Two thought dead in plane crash hike to safety
KALISPELL, Mont. – Two survivors of a Monday plane crash in the rugged wilderness of northwest Montana emerged on a highway Wednesday after making their way on foot through the mountains.
The survivors, both U.S. Forest Service employees, made their way out a day after both the Flathead County sheriff and the Forest Service had announced their deaths. Three others died in the crash.
“Initially we thought there were no survivors, but now there are two,” said Denise Germann, a spokeswoman for the Flathead National Forest.
Jodee Hogg, 23, of Billings, Mont., and Matthew Ramige, 29, of Jackson Hole, Wyo., apparently walked away from the crash site and were spotted by a road Wednesday afternoon, Germann said.
They were spotted by a motorist on U.S. 2 who then went to a bar in the Essex area and asked the bartender to call for help.
Hogg was listed in stable condition at Kalispell Regional Medical Center and Ramige was flown to Harborview Medical Center in Seattle for burn treatment.
Flathead County Sheriff Jim Dupont had said Tuesday that it appeared all five on board died on impact.
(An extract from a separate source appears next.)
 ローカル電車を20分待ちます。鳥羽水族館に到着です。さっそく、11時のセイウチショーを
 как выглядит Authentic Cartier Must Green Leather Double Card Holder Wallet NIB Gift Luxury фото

The crash also started a fire.
The crash scene was above timberline on Mount Liebig, in the Great Bear Wilderness some six air miles northwest of Essex. The area is near the southern edge of Glacier National Park.
Jim Long, 60, of Kalispell, was piloting the plane. Also on board was Ken Good, 58, of Whitefish, an employee of the Flathead National Forest and Davita Bryant, 32, of Whitefish. Hogg, Ramige and Bryant all worked for the Forest Service’s Rocky Mountain Station in Fort Collins, Colo., but worked out of the station’s office in Ogden, Utah.
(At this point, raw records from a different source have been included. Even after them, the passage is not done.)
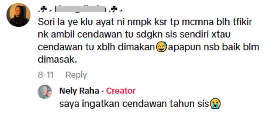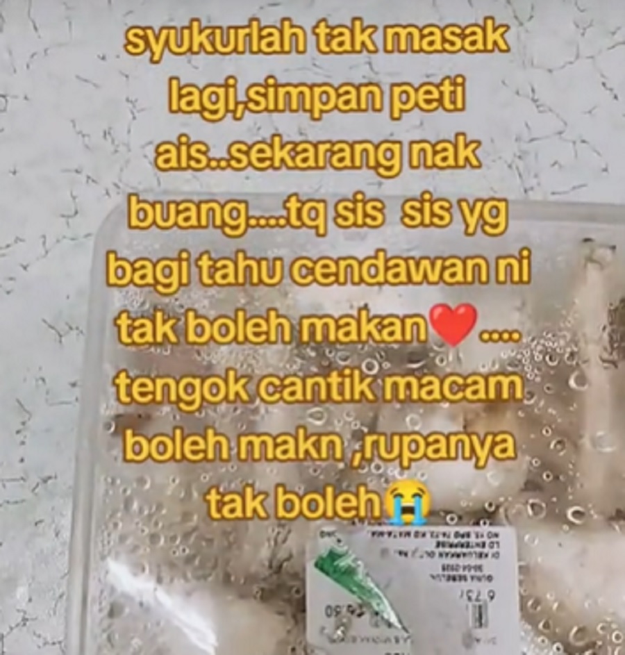 “Syukurlah tak masak lagi, simpan dalam peti ais. Sekarang nak buang. Terima kasih semua yang bagi tahu. Tengok cantik macam boleh makan, rupa-rupanya tak boleh.”
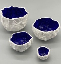 Being inspired by natural form, music, plant growth, sea flora and fauna, I love to make work starting with my own hand made paster moulds and coiled stoneware formers. Using bone china casting slip I create pieces with interplay between interior and exterior surface, glazed and unglazed, detailed and minimalist, colour and whiteness. These aspects are a continuing fascination.
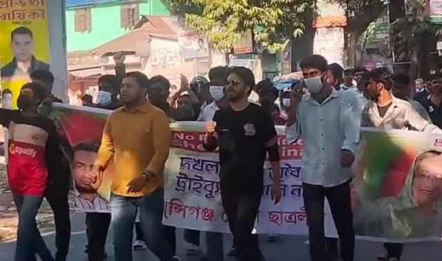 শেখ হাসিনার মামলার রায় ঘোষণার পরদিন সকালেই আকস্মিকভাবে বের হওয়া এই মিছিল নিয়ে নানা ধরনের আলোচনা শুরু হয়েছে এলাকায়।

“Can you imagine these families?,” asked Bob Bryant, father-in-law of Bryant. “They’ve been told their kids are dead. And now they are resurrected,” he said in a hospital interview with The (Kalispell) Daily Inter Lake.
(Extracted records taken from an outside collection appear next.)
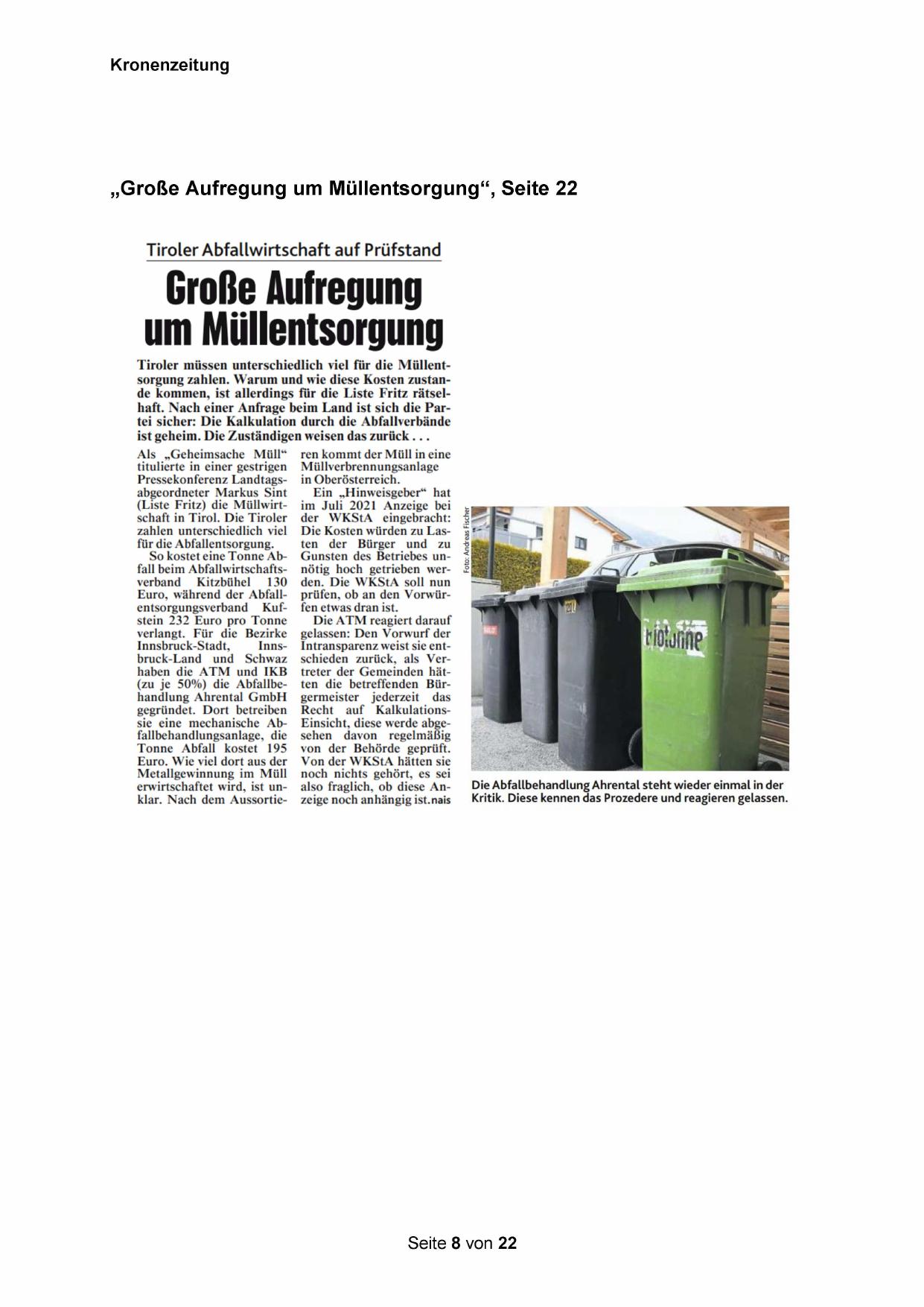 (Liste Fritz) die Müllwirtschaft in Tirol. Die Tiroler
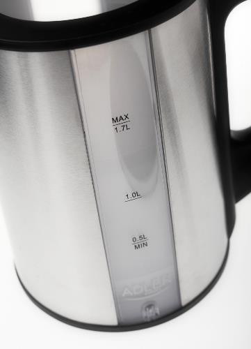 Adler AD 1216 elektrinis virdulys 1,7 L Juoda, Sidabras 2200 W
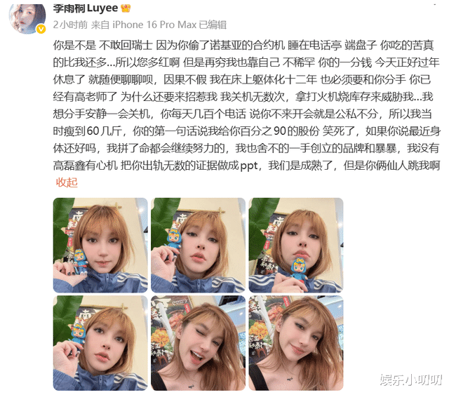 然而让人没想到的是李雨桐接下来的操作可谓是惊呆众人,正常锤别人晒出的照片应该都是聊天记录或者实锤照片,结果这姐晒出的是自己的自拍照。而且搞笑的是李雨桐这发文,有点前言不搭后语,前边要求薛之谦还她表和西装,后边就是自己抑郁躯体化,完全没有逻辑。最重要的是一点实质性的证据没有,全是对薛之谦的控诉。

Linda Woods of Whitefish, a friend of one victim and survivor Ramige, said she and another person had organized a group to search for survivors but their offer to help was declined Tuesday. “There were 100 people waiting in Whitefish to do this. It’s possible we could have been very useful and saved some people some suffering,” she told the newspaper.
“Last night, we sat on the couch and cried instead of being out hiking and searching. And we just accepted what we were told,” she said.
The airplane crashed during stormy weather while trying to reach a grass landing strip at Schafer Meadows Guard Station, near the Middle Fork of the Flathead River in the Great Bear-Bob Marshall Wilderness Complex south of the park.